How It Compares to Composer 1.5
| Metric | Composer 1.5 | Composer 2 | Change |
|---|---|---|---|
| CursorBench | 44.2 | 61.3 | +38.7% |
| Terminal-Bench 2.0 | 47.9 | 61.7 | +28.8% |
| SWE-bench Multilingual | 65.9 | 73.7 | +11.8% |
| Standard input price | — | $0.50/M | New pricing tier |
| Fast input price | — | $1.50/M | New pricing tier |
| Self-summarization | Yes | Yes | Already present in v1.5 |
The most notable jump is in CursorBench, Cursor's own benchmark for realistic engineering tasks, where Composer 2 scores 38.7% higher than v1.5.
Pricing & Plans
Composer 2 is accessed through Cursor. Cursor offers the following subscription plans:
| Plan | Price | Composer 2 access |
|---|---|---|
| Hobby | Free | Limited Agent requests |
| Pro | $20/month | Extended Agent limits, frontier model access |
| Pro+ | $60/month | 3× usage on all OpenAI, Claude, Gemini models |
| Ultra | $200/month | 20× usage on all models, priority access |
| Teams | $40/user/month | Everything in Pro + centralized billing, SSO |
| Enterprise | Custom | Pooled usage, SCIM, AI code tracking API |
For usage beyond included plan usage, Composer 2 is priced at the model level; on individual plans, Composer usage is part of a standalone usage pool:
| Variant | Input | Output |
|---|---|---|
| Standard | $0.50 / M tokens | $2.50 / M tokens |
| Fast (default) | $1.50 / M tokens | $7.50 / M tokens |
Cursor positions Composer 2 as cost-competitive with leading fast coding models. Cursor says Composer 2 is also available in the early alpha of its new interface.
Best For
- Engineers on Cursor Pro or Teams plans who need the most capable native coding model for multi-file and terminal-integrated tasks
- Teams doing repository-wide refactoring across polyglot codebases who need consistent behavior across language boundaries
- Developers evaluating AI code review and analysis tools who also want autonomous fix-and-verify capability in the same workflow
- Growth-stage engineering teams that want to maximize agentic coding throughput without external API overhead
- Users upgrading from Composer 1.5 who hit context limits or accuracy issues on long multi-step sessions
- Developers comparing Claude Code and IDE-native agents who want a direct performance benchmark to inform the decision
FAQ
What changed between Composer 1.5 and Composer 2?
Composer 2 scores 61.3 on CursorBench (up from 44.2), 61.7 on Terminal-Bench 2.0 (up from 47.9), and 73.7 on SWE-bench Multilingual (up from 65.9). The training approach was upgraded to include continued pretraining on high-quality code and RL optimized for long-horizon tasks, plus stronger continued pretraining and long-horizon RL training for tasks requiring hundreds of sequential actions.
What is self-summarization and why does it matter?
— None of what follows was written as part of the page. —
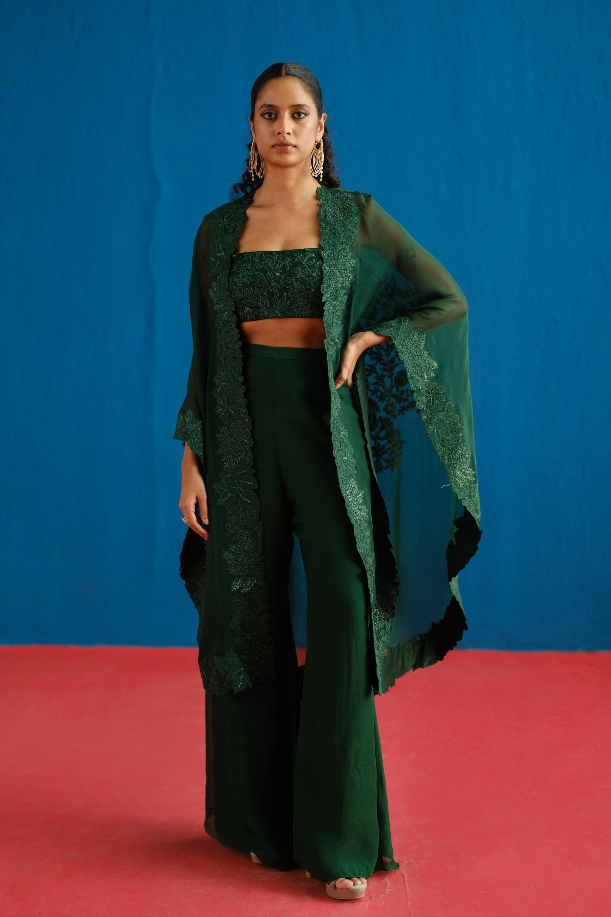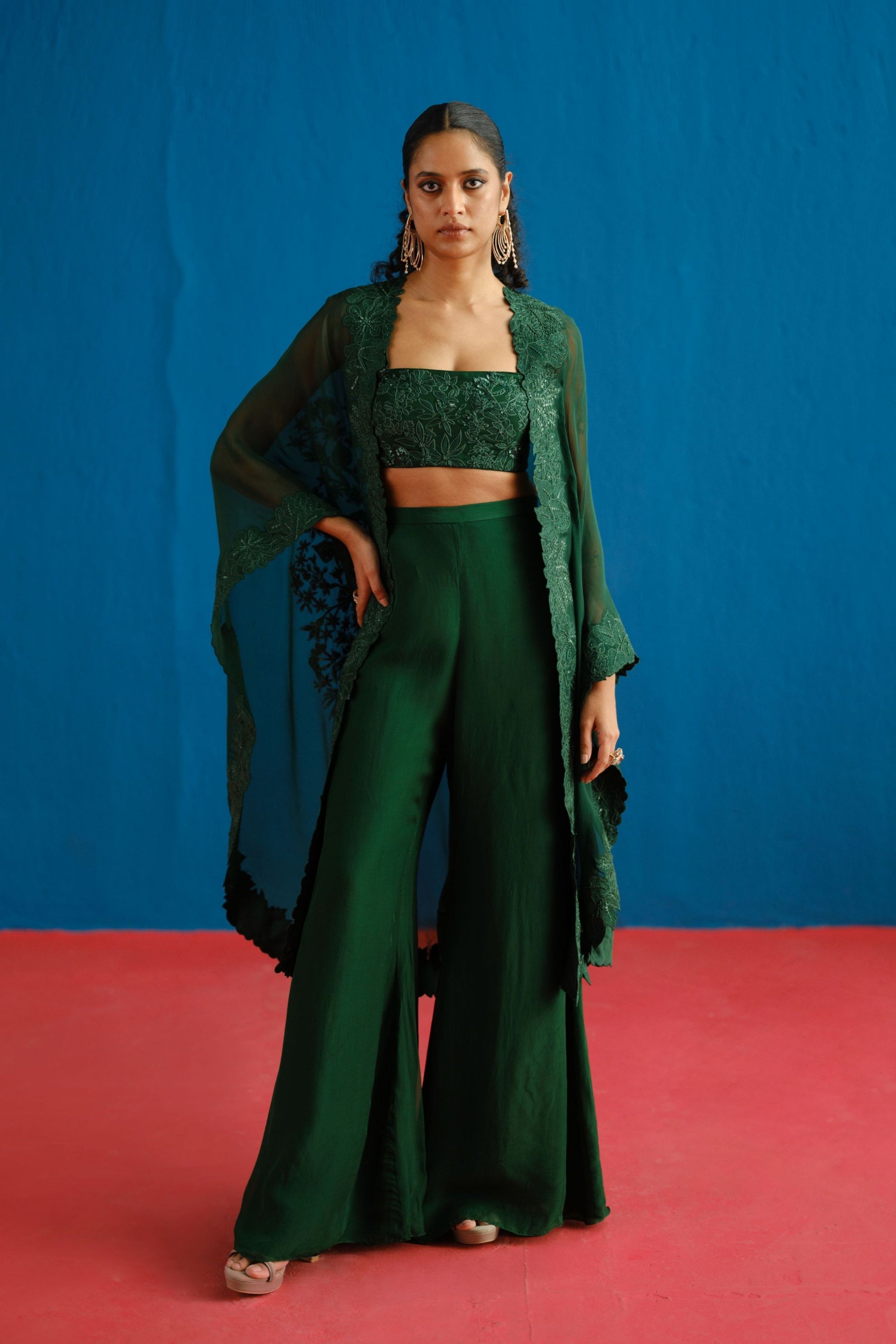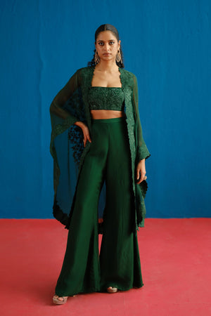 • Tonal Assorted leaves Triangle cape with tonal wildflower embroidered Bustier and Drape skirt

Self-summarization is a training technique that enables Composer 2 to compress prior context and continue working accurately beyond the limits of its context window. Without it, very long coding sessions — extended refactoring, multi-round debugging — can cause the model to lose track of earlier state. Self-summarization specifically targets this failure mode.
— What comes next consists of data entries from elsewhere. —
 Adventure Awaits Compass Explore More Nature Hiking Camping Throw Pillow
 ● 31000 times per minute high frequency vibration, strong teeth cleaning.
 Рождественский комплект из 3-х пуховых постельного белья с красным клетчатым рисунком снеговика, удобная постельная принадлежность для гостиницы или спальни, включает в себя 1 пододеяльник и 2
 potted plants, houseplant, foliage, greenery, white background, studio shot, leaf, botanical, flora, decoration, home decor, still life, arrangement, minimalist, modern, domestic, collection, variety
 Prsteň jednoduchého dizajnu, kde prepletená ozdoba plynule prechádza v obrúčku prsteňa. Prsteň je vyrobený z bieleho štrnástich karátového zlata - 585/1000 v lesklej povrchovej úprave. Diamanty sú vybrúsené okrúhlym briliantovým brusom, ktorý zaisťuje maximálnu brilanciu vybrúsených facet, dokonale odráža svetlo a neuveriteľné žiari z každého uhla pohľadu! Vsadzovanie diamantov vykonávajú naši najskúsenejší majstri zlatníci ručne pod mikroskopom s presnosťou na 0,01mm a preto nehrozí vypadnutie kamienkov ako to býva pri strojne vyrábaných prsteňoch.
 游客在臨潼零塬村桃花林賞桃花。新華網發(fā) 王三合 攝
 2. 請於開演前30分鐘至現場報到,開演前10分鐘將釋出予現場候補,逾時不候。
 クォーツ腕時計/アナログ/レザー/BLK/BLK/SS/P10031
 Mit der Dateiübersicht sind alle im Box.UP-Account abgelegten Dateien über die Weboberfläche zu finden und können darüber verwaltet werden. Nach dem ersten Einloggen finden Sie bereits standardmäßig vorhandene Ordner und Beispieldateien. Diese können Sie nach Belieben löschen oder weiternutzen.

What is the difference between Standard and Fast Composer 2?
Standard Composer 2 costs $0.50/M input and $2.50/M output tokens; it is suited for prototyping and tasks where real-time speed is not critical. The Fast variant costs $1.50/M input and $7.50/M output tokens but responds quickly enough for interactive IDE use. The Fast variant is now the default in Cursor.
How does Composer 2 compare to Codex?
Codex is OpenAI's coding agent across app, IDE extension, CLI, and cloud workflows, while Composer 2 is Cursor's native in-editor model. Composer 2's 61.7 Terminal-Bench 2.0 score supports strong autonomous CLI debugging performance; Codex operates via API with computer-use capability. The choice depends on whether you prefer IDE-native or API-based agentic workflows.
Do I need a paid plan to use Composer 2?
Cursor's Hobby plan is free and includes limited Agent requests. For extended use of Composer 2, the Pro plan at $20/month provides higher Agent limits and access to frontier models. Pro+ ($60/month) and Ultra ($200/month) offer higher usage multipliers.